Im trying to read parque file from S3 using akka streams following the official doc but I am getting this error
java.io.IOException: No FileSystem for scheme: s3a
this is the code that triggered that exception. I will highly appreciate any clue/example of how should I do it correctly
val path = s"s3a://bucketName/path/to/foo/part-00000-656418ee-7cc0-42ee-93e-aaa69ee6f916.c000.snappy.parquet"
val conf: Configuration = new Configuration()
conf.setBoolean(AvroReadSupport.AVRO_COMPATIBILITY, true)
val file = HadoopInputFile.fromPath(new Path(path), conf)

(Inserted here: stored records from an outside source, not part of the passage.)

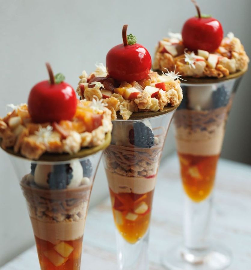 「Parfait aux Pommes【秋のリンゴパフェ】」2100円(ドリンクセット2650円、テイクアウト1300円)は、アーモンドミルクを使用したムースの真っ赤なリンゴが美しく目を引きます。その下には、ソテーしたリンゴとフレッシュのリンゴを忍ばせて。アーモンド、アールグレイ、マロンやキャラメルなど、深まる秋を一層ごとにふんだんに感じる味わいに仕上げています。
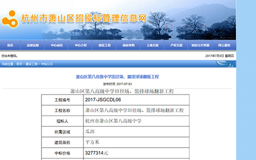 2017年7月3號(hào)中標(biāo)蕭山區(qū)第八高級(jí)中學(xué)田徑場(chǎng)、籃排球場(chǎng)翻新工程
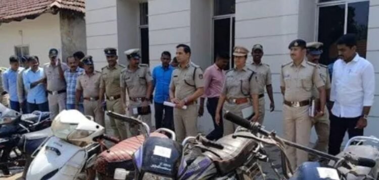 ಮಂಗಳೂರು : ಜಾತ್ರೆ, ಕಂಬಳೋತ್ಸವ, ಬಸ್, ರೈಲ್ವೇ ನಿಲ್ದಾಣಗಳಲ್ಲಿ ನಿಲ್ಲಿಸಿದ್ದ ಬೈಕ್, ದ್ವಿಚಕ್ರ ವಾಹನಗಳನ್ನು ಕದ್ದು ಮಾರಾಟ ಮಾಡುತ್ತಿದ್ದ ಶಿವಮೊಗ್ಗ ಮೂಲದ, ಮೂಡುಬಿದ್ರೆಯಲ್ಲಿ ಗ್ಯಾರೇಜ್ ನಲ್ಲಿ ಕೆಲಸ ಮಾಡಿಕೊಂಡಿದ್ದ ಪ್ರಮುಖ ಆರೋಪಿ ಮಣಿಕಂಠ ಗೌಡ ಕೆ. (24) ಸೇರಿ ನಾಲ್ವರನ್ನು ಕಂಕನಾಡಿ ನಗರ ಠಾಣೆ ಪೊಲೀಸರು ಬಂಧಿಸಿದ್ದಾರೆ.
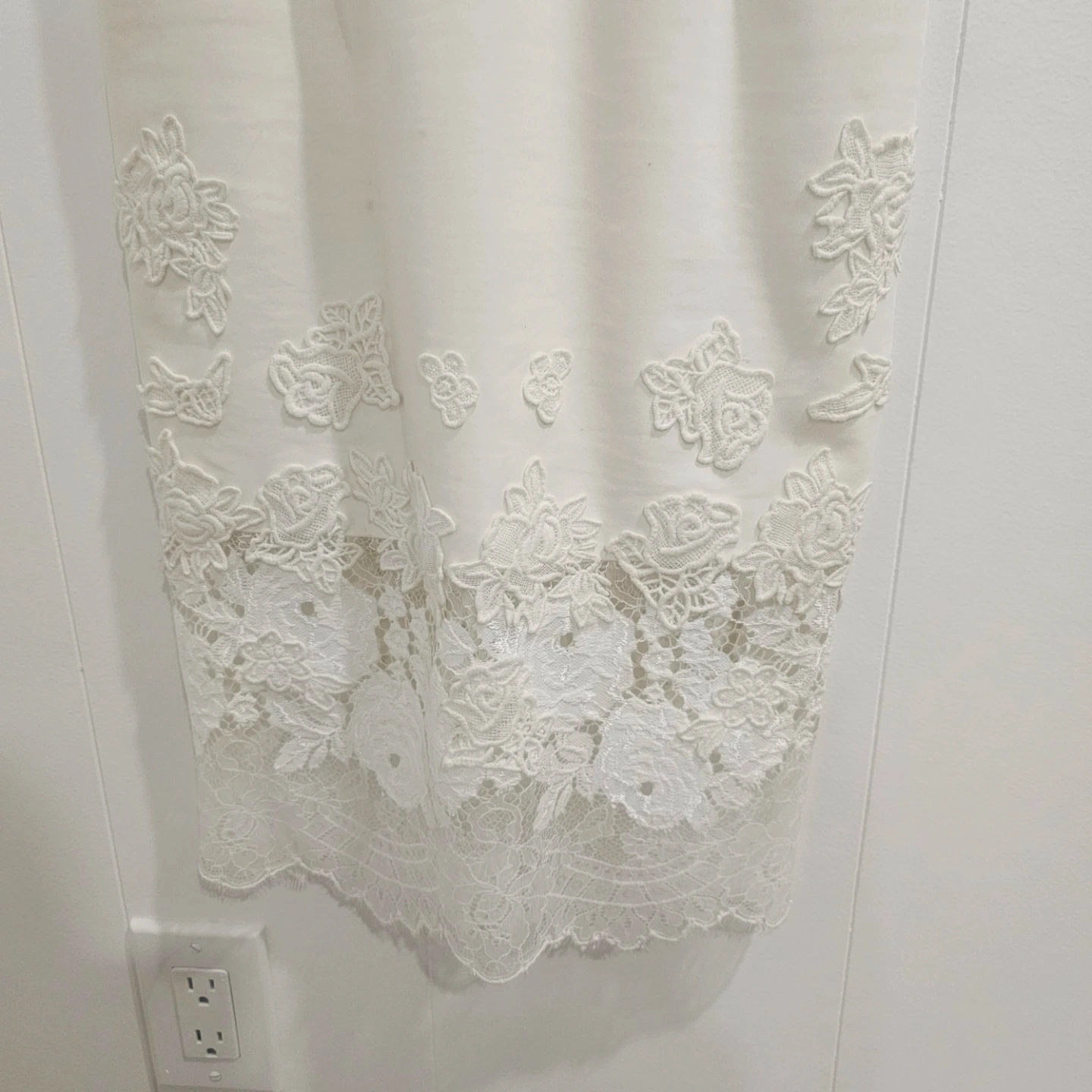 Features a lace bodice with floral applique and matching lace scalloped hem. Modern romantic, bodycon silhouette is crafted from a premium cotton-blend fabric that provides both comfort and a tailored fit with stretch for movement.
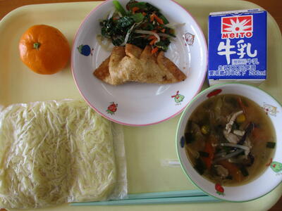 みそラーメン おから入り揚げギョウザ ナムル みかん 牛乳
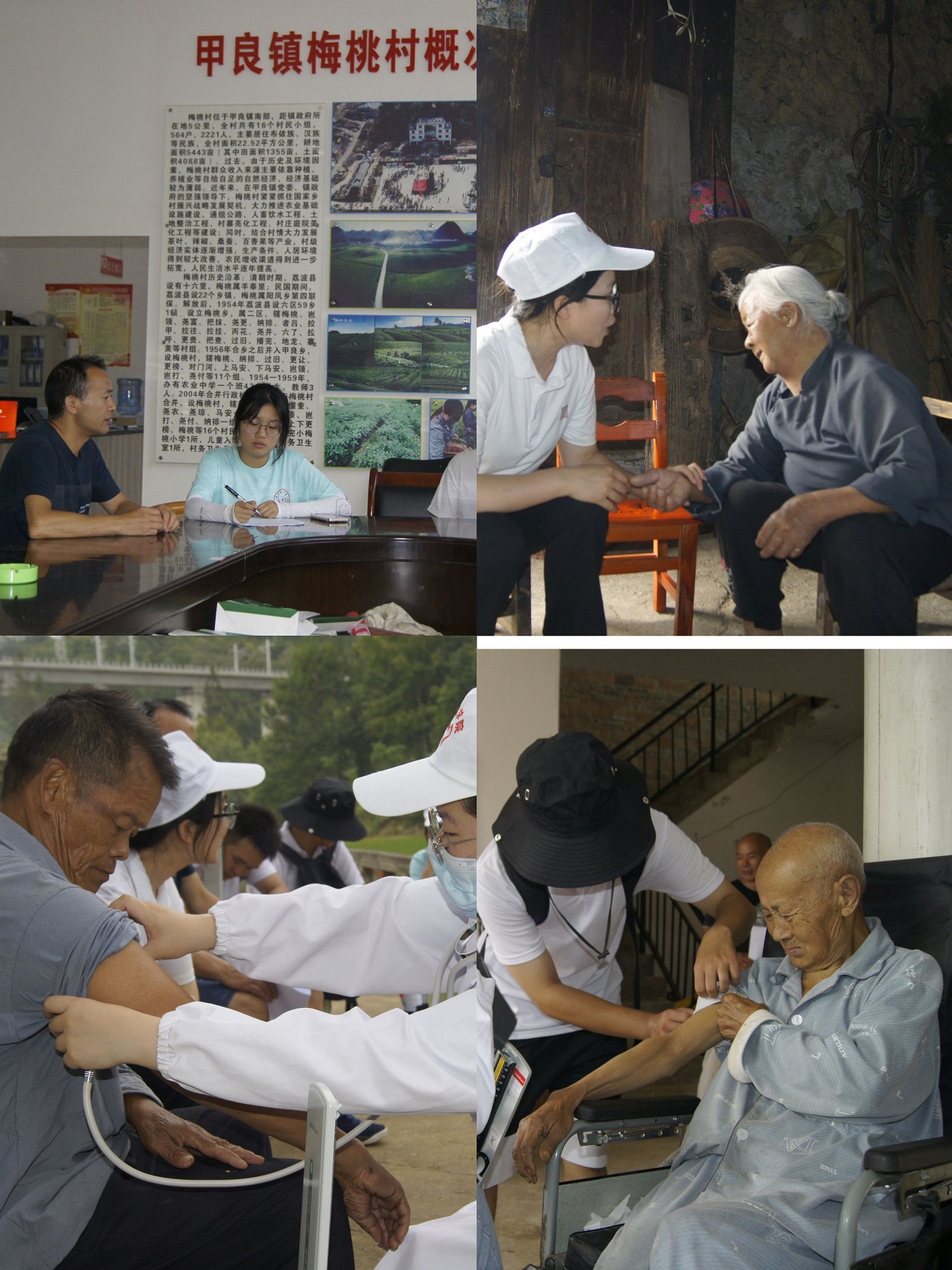 到达梅桃村当天,服务队就先后探访了独居老人、退伍老人和空巢老人,分别赠送了大米和牛奶,期间,队员们细心为其测量血压并给出相应的护理建议,在与老人们聊家常的过程中,详细了解了当地居民生活和就医现状。
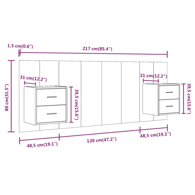 • Dimenzije vzglavja: 120 x 1,5 x 80 cm (D x Š x V)
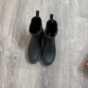 Stylish black ankle boots with a sleek design. Hunter rain boots.
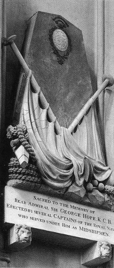 Note: Erected 1820 at a cost of £150. The Admiral was in fact buried a little distance away in the middle aisle of the nave on 9 May 1818, but his actual grave is now covered by the later brass to Sir George Gilbert Scott.
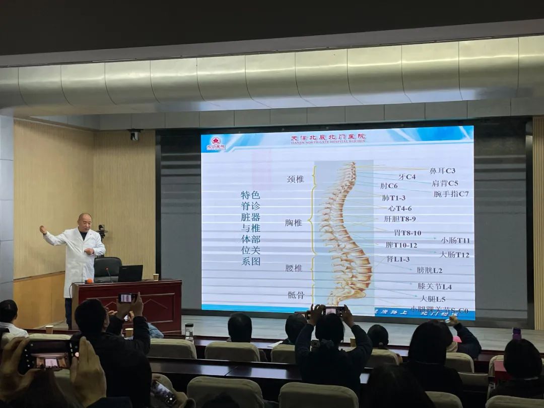 天津市人大代表、北门医院副院长张国庆主任深入浅出地讲解了脊柱健康的重要性,以及日常生活中如何保护脊柱和预防脊柱疾病的发生。作为脊诊整脊资深专家,张国庆形象生动地介绍了脊诊整脊技术的原理和应用,让老师们对这门医疗技术有了系统深入的了解。
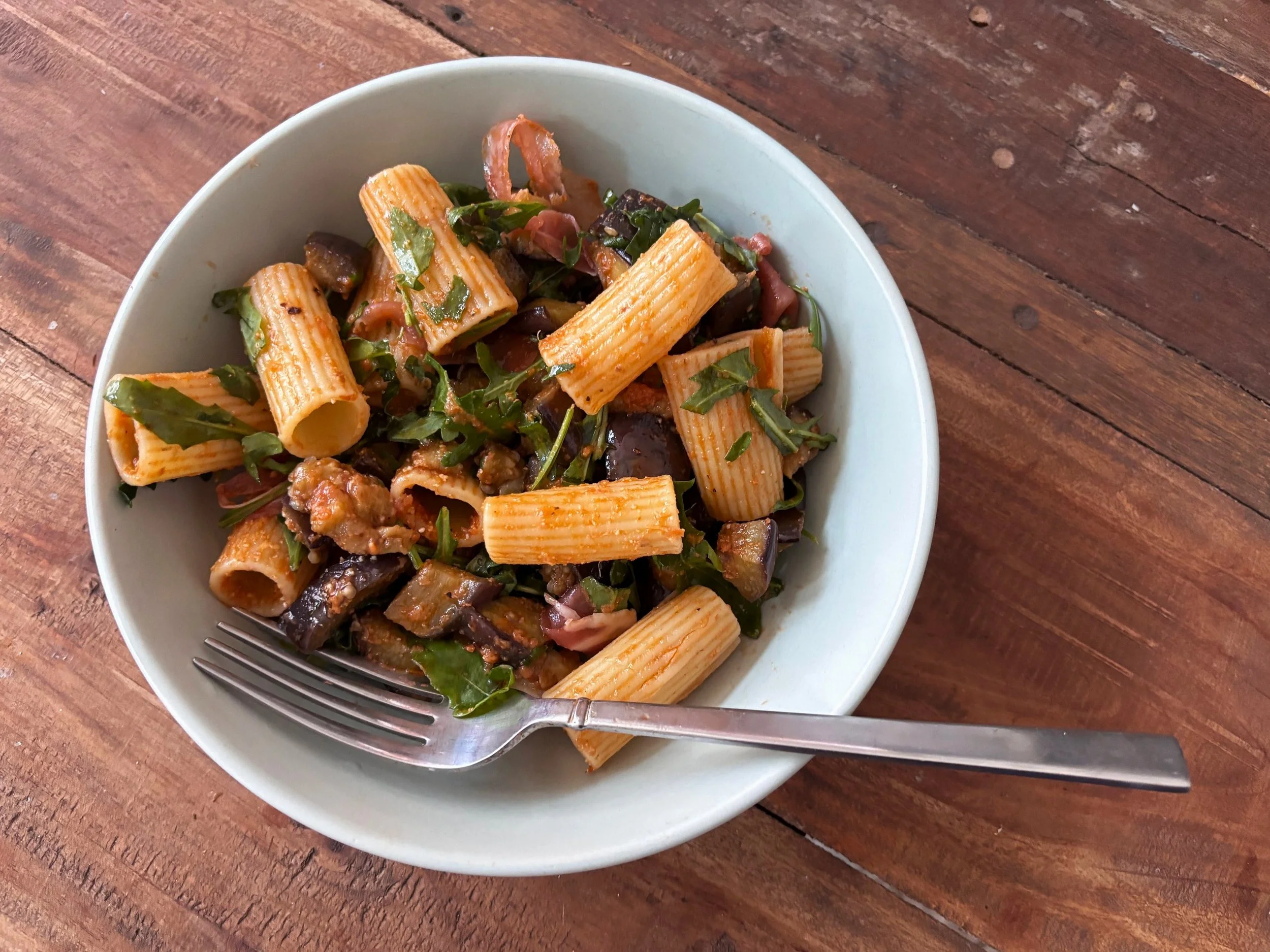 Deze pastasalade is mijn absolute go-to op warme dagen—als ik geen zin heb in gedoe of in uren in de keuken te staan. De credits voor het oorspronkelijke recept gaan trouwens naar go’old Albert Heijn. Met maar zes (!) ingrediënten zit je verrassend goed qua smaak, en je kunt ‘m perfect van tevoren maken. Wat wil je nog meer!? Zo ging het dus bij mij vandaag: pasta gekookt, aubergine gebakken, pesto erdoor geschept… en toen een flinke wandeling met de hond gemaakt terwijl de smaken even konden intrekken. Bij terugkomst hoefde ik alleen nog maar de pasta te versieren met rucola en de prosciutto en een bord op te scheppen. Heerlijk! Mocht je de salade meteen op willen eten, kan dat natuurlijk ook, want lauwwarm is hij ook verrukkelijk. Oh en: ben je geen fan van rucola? Geen probleem. Elk donkerbladig of paarsig blad doet het hier goed. Tenslotte kun je altijd meer ingrediënten toevoegen als je daar zit in hebt. Wat dacht je van doormidden gesneden kerstomaatjes, olijven, of in stukken gescheurde mozzarella.
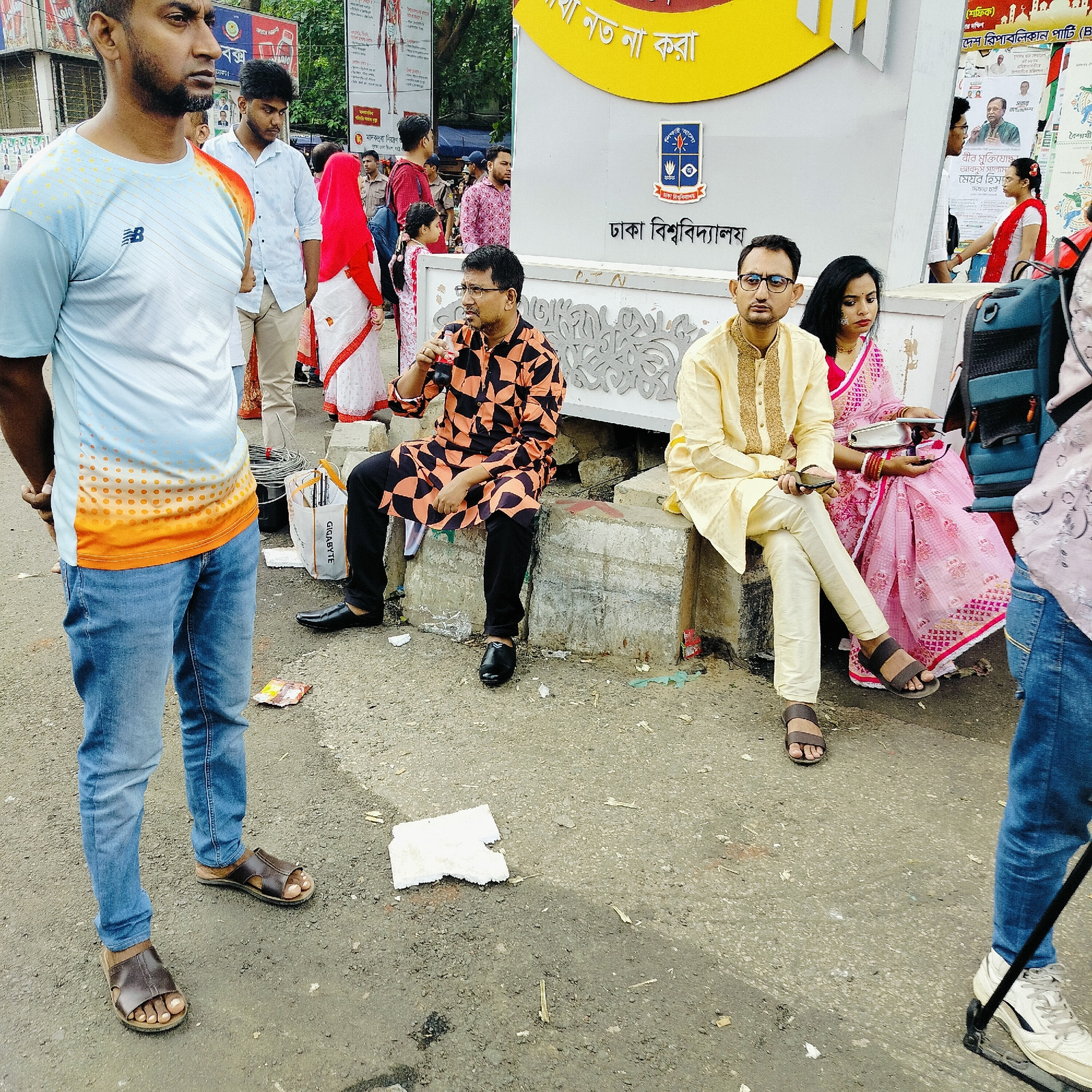 Here is a detailed description of the image: **Setting:** The photograph is taken outdoors, likely on a street in Dhaka, Bangladesh. This is based on the background signage indicating "Dhaka Universi…read more
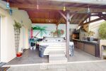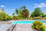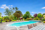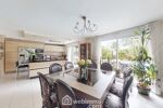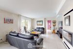 Depuis le séjour, vous profitez d'une vue dégagée sur le jardin soigneusement paysagé et la magnifique piscine chauffée de 10x4,5 m, couverte par un dôme amovible, parfaite pour des baignades toute l'année.

val reader: ParquetReader[GenericRecord] =
AvroParquetReader.builder[GenericRecord](file).withConf(conf).build()
//should read the file lines here but not there yet ...
You are most likely missing hadoop-aws
lib on your classpath.
Have a look here: https://hadoop.apache.org/docs/current/hadoop-aws/tools/hadoop-aws/index.html
And also this SO gives some more details how to setup credentials for access to S3: How do I configure S3 access for org.apache.parquet.avro.AvroParquetReader?
Once you have AvroParquetReader
correctly initialized, then you can create Akka Stream's Source
out of it as per the Alpakka Avro Parquet doc (https://doc.akka.io/docs/alpakka/current/avroparquet.html#source-initiation)